The Moral Landscape, in detail
The Moral Landscape is Sam Harris's argument that science can and should determine human values. The provocative central claim is that moral questions are not fundamentally different from empirical questions: both are questions about the wellbeing of conscious creatures, and both can in principle have objectively better and worse answers. Just as medicine can say some states of health are objectively better than others, Harris argues that moral philosophy can say some states of human flourishing are objectively better than others — and that science is the tool best equipped to investigate them.
Harris's target is the widespread assumption, shared by religious conservatives and secular relativists alike, that science and morality occupy separate domains. He attacks the is-ought distinction associated with Hume, arguing that it does not actually prevent scientific investigation from bearing on moral questions once you accept that the wellbeing of conscious beings is what morality is about. He also argues against moral relativism: the claim that all cultures' moral systems are equally valid is not a liberal tolerance but an intellectual evasion that prevents clear thinking about genuine ethical catastrophes.

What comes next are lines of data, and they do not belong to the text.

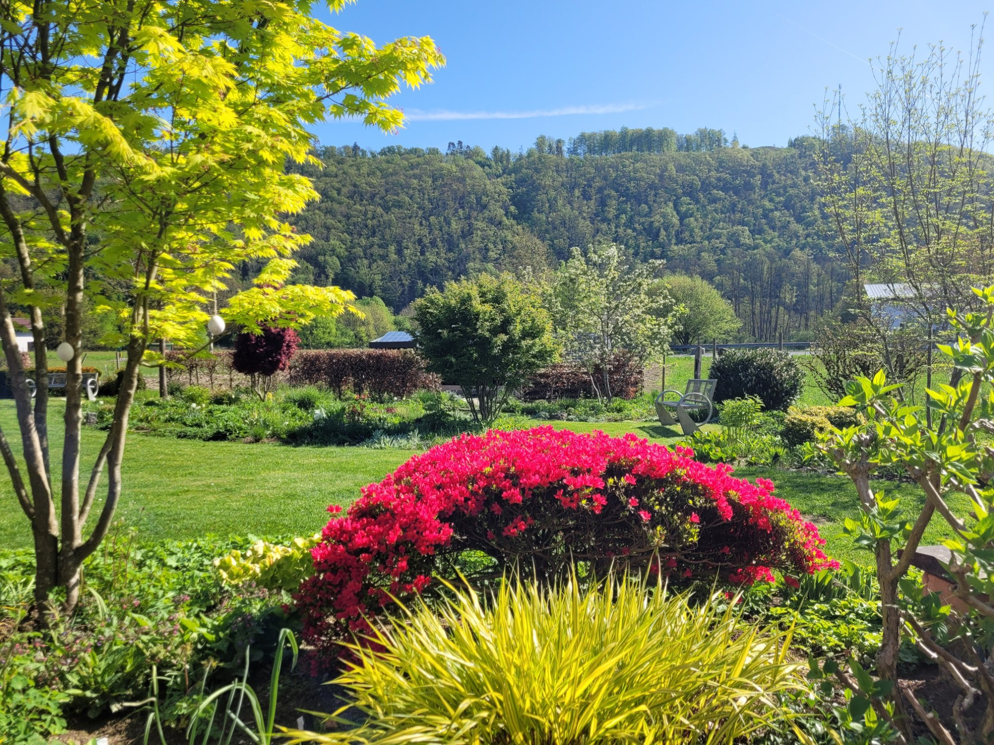 Abgesehen von der knallbunten Azaleen Ecke geht es hier noch sehr ruhig zu... allerdings überall mit üppigem Grün.
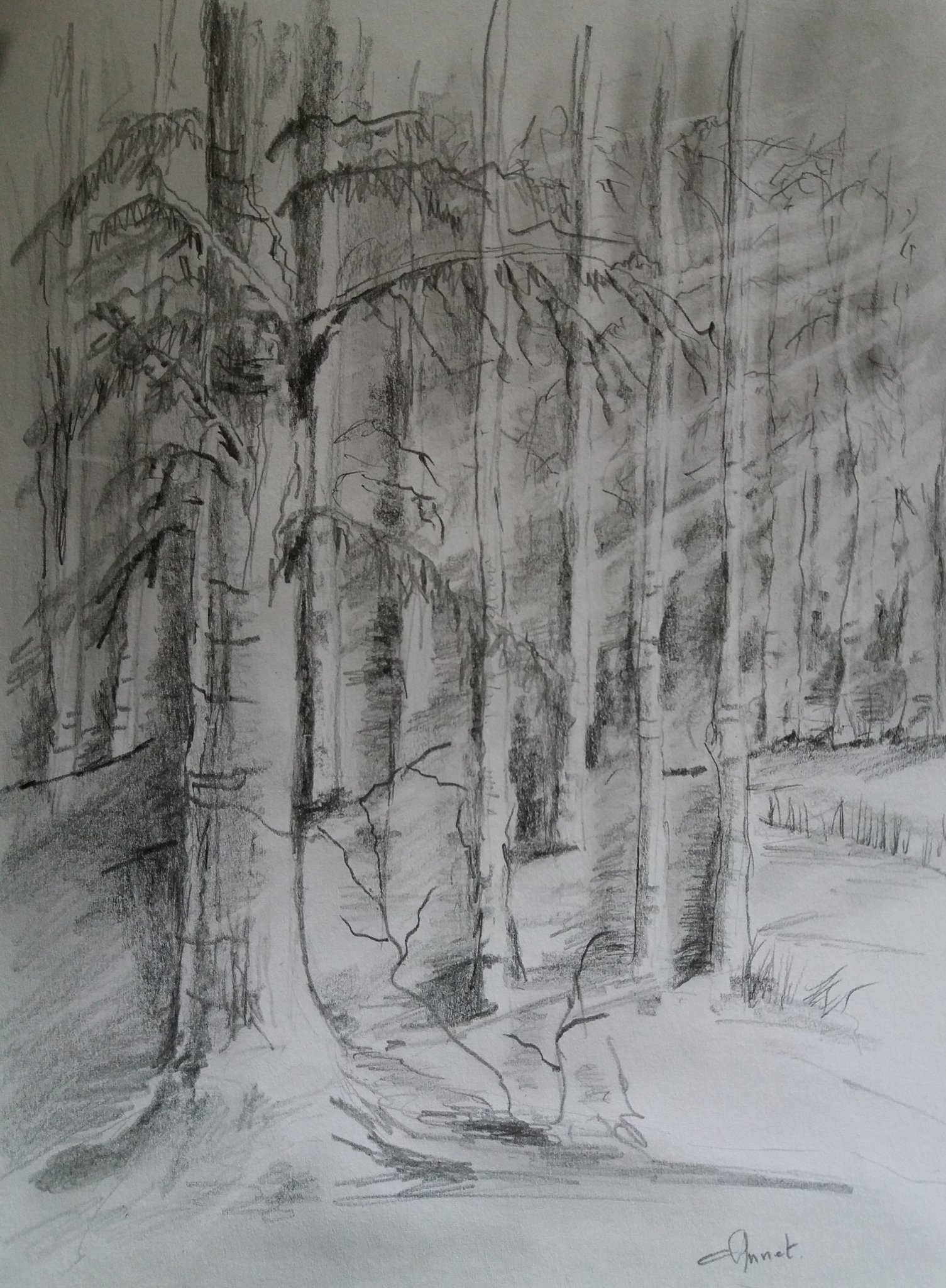 Tekening in zwart en grijzen met grafietstift en vulpotlood, ook veegtechniek
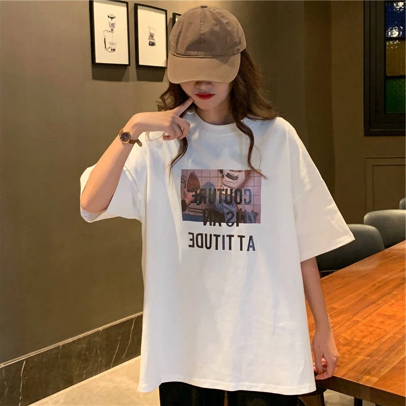 Футболка большого размера в стиле Harajuku, универсальная свободная...
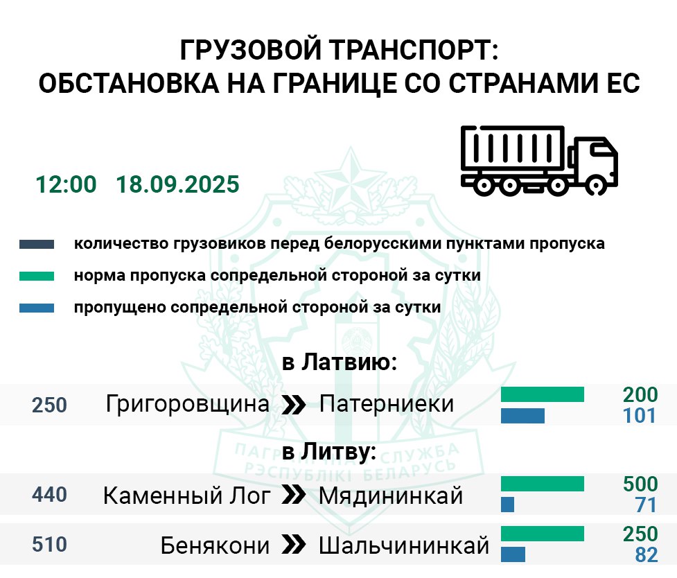 Очередь грузового транспорта перед литовскими пунктами пропуска также увеличилась — с 850 до 950 фур. Сопредельная сторона за 24 часа приняла на свою территорию всего 15% грузовиков от нормы.
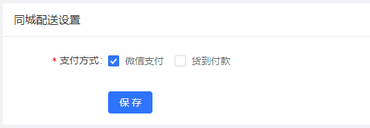 啟用“同城配送”開關(guān)前,需要完成同城配送的各配置項,并點擊保存。
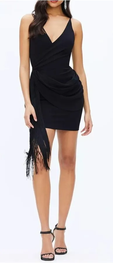 NWT Dress The Population Women's size Large Alida Black Fringe Sleeveless Mini Dress. Dress The Population brand women's mini dress in a size large. Item is new with tags attached. Black colorway with fringe at the hip. Spaghetti straps, adjustable. Zipper closure at the back. Bodycon style mini dress, tight at the hips. Measurements as pictured. In great condition, see photos for more details. Always feel free to ask any questions you may have! Reasonable offers accepted. cocktail, mini, bodycon, fringe, wrap, wedding guest, party, nye
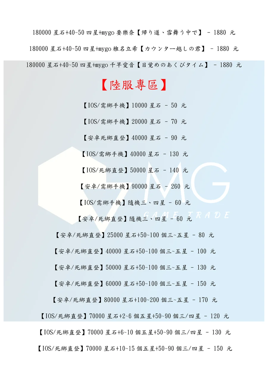 商品類型:帳號
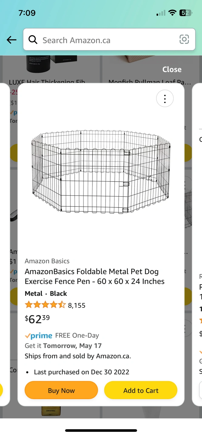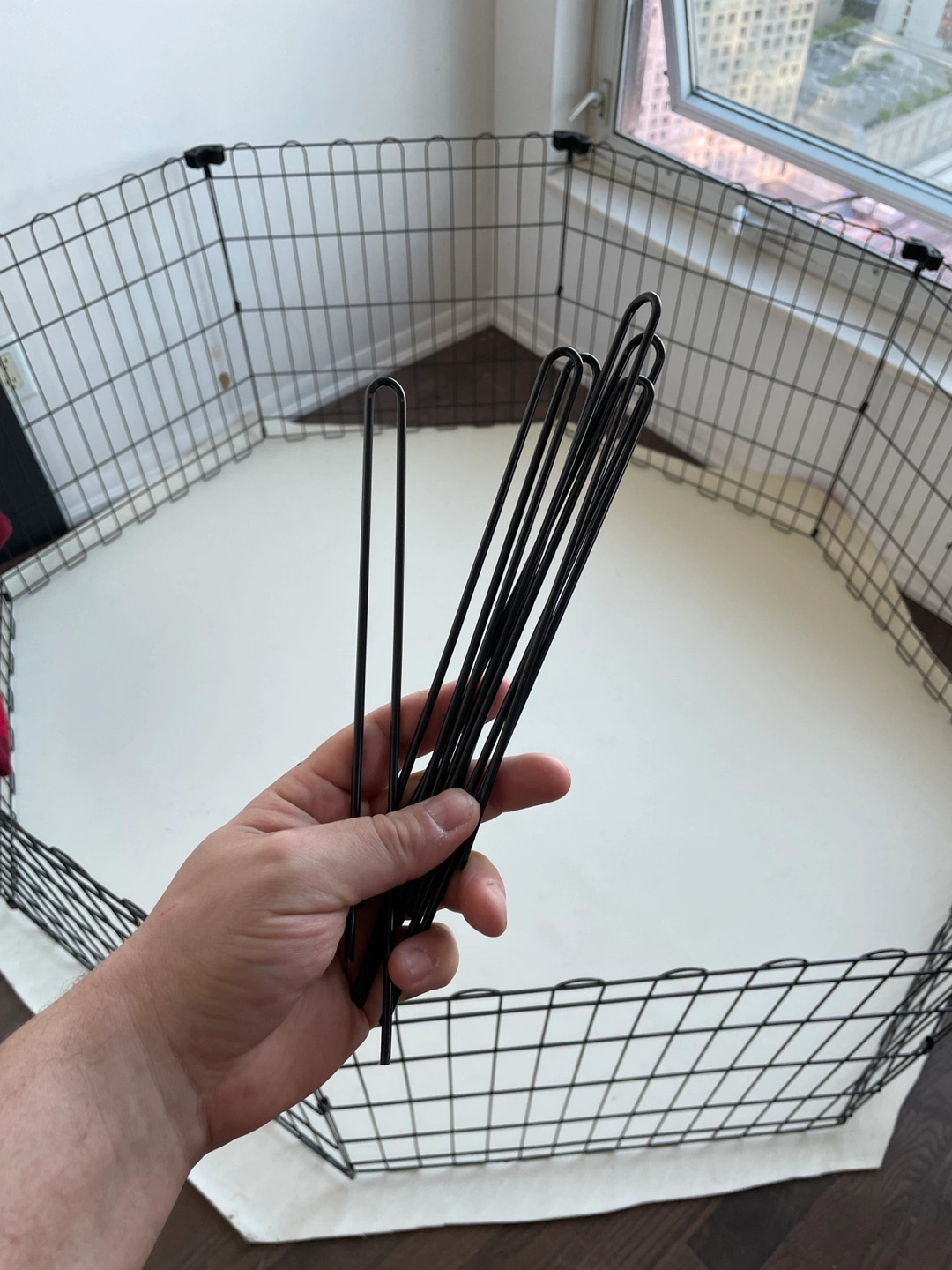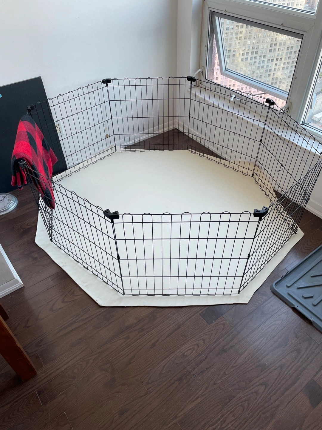 Gently used playpen for dogs. Got it from Amazon and have only been using during the day for 4 months. My pup no longer needs it. Still have the box for east pickup , comes with spikes so it can be used outside also. Excellent condition.I have a homemade mat made from thick durable vinyl to protect floors that you can also have if you wish. Makes for easy clean up especially while training.
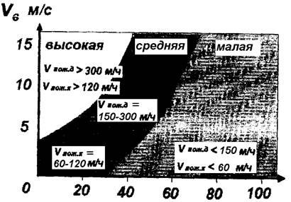 Скорость распространения пожара в зависимости от скорости ветра и влажности воздуха находятся по графику рис. 6.5. Из графиков видно, что при относительной влажности и скорости ветра :
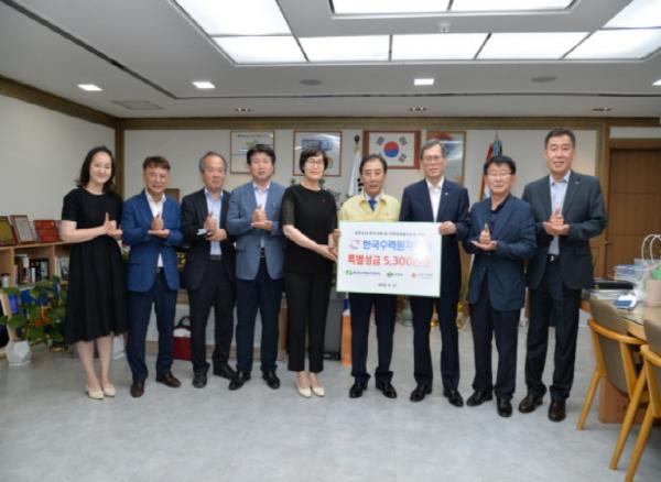 한국수력원자력(사장 정재훈, 이하 한수원) 포천양수사업소는 지난 12일 코로나19 경제위기 극복을 위해 임직원들이 자발적으로 반납한 임금과 회사 특별성금을 더해 5,300만원 상당의 성금과 물품을 포천시에 기부했다.
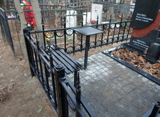 Пришло время окончательной отделки: мы затерли все швы герметиком, протерли плиты от следов цемента, помыли ограду, лавочку и столик, прикрыли землю в цветнике. Место захоронения готово к сдаче заказчику.
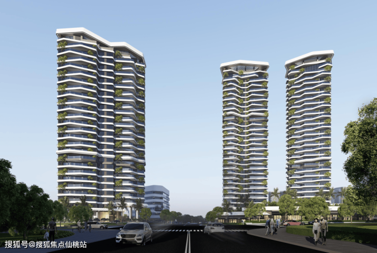 你看,项目效果图就很明显,楼上楼下花园错位挑出,增加了视觉层次感,呈现出强烈的垂直森林风格,每层住户都能在花园中无遮挡沐浴阳光。
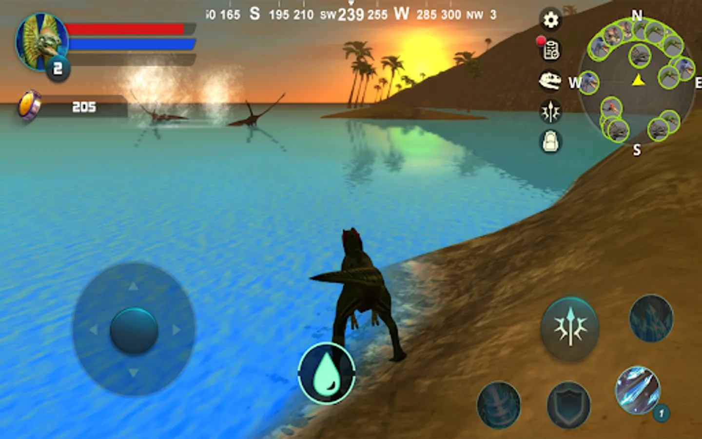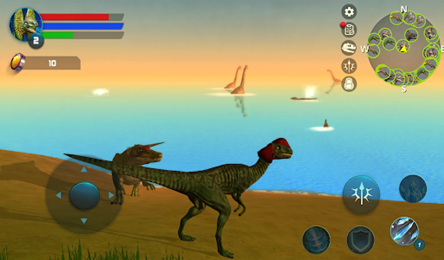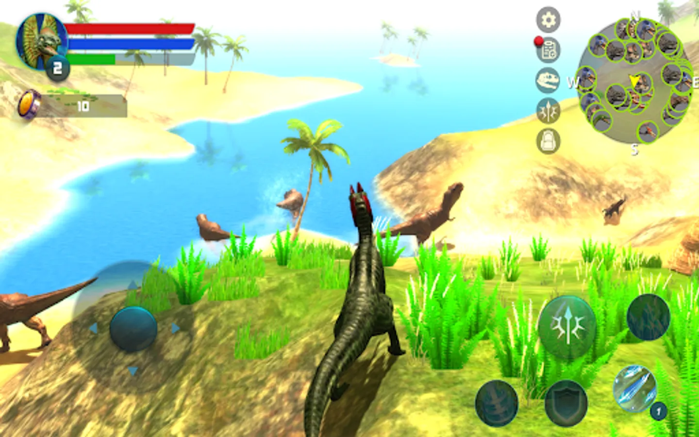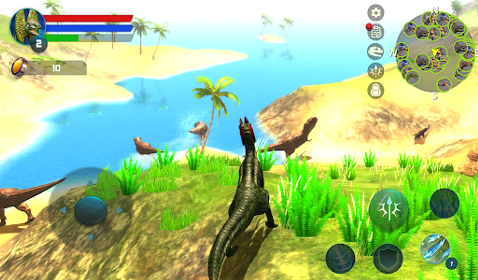 Maintain your health and energy by eating dinos and drinking water, explore massive world, fight other dinosaurs to become more powerful
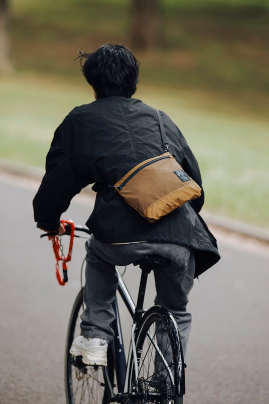 テントや寝袋などにも採用されているリップストップナイロンを使用した、丈夫で軽量なボディバッグ。
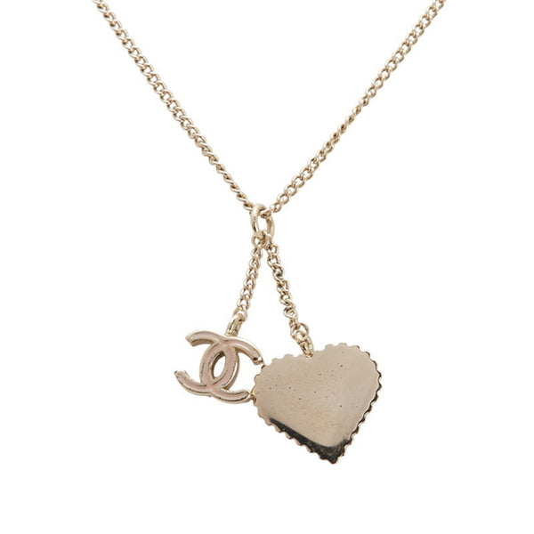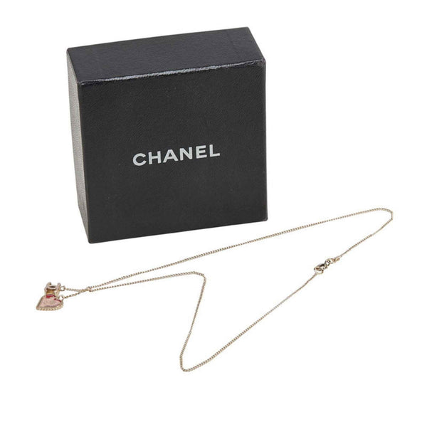 Chanel Coco Mark Heart Motif Necklace, Gold and Pink Plated, Women\'s

The second half of the book applies this framework to a series of specific cases. Harris argues that certain religious and cultural practices — female genital mutilation, honor killing, beliefs that produce chronic psychological suffering — are objectively wrong in the same way that medical neglect is objectively wrong. He acknowledges that the science of wellbeing is primitive and that the moral landscape will be difficult to map precisely, but insists that difficulty in answering a question does not mean the question has no correct answer.
The Moral Landscape generated substantial philosophical criticism. Many philosophers argued that Harris misrepresents Hume, conflates different senses of "wellbeing," and simply assumes rather than proves that wellbeing is what morality is about. Harris largely acknowledged the latter criticism as correct but immaterial: if you reject wellbeing as the foundation of ethics, he asks, what are you actually concerned about? The book is most useful as a clear attack on moral relativism and a defense of the idea that rational discourse about ethics is possible and worthwhile.
The big ideas
- 1.
Moral questions are questions about the wellbeing of conscious creatures, and science is the appropriate tool for investigating what actually promotes or hinders wellbeing.
- 2.
The is-ought gap does not prevent science from bearing on ethics once you accept that wellbeing matters. Refusing to accept that is not a neutral position — it's a strange one.
- 3.
Moral relativism, despite its liberal packaging, prevents clear thinking about genuine ethical failures and is ultimately indefensible.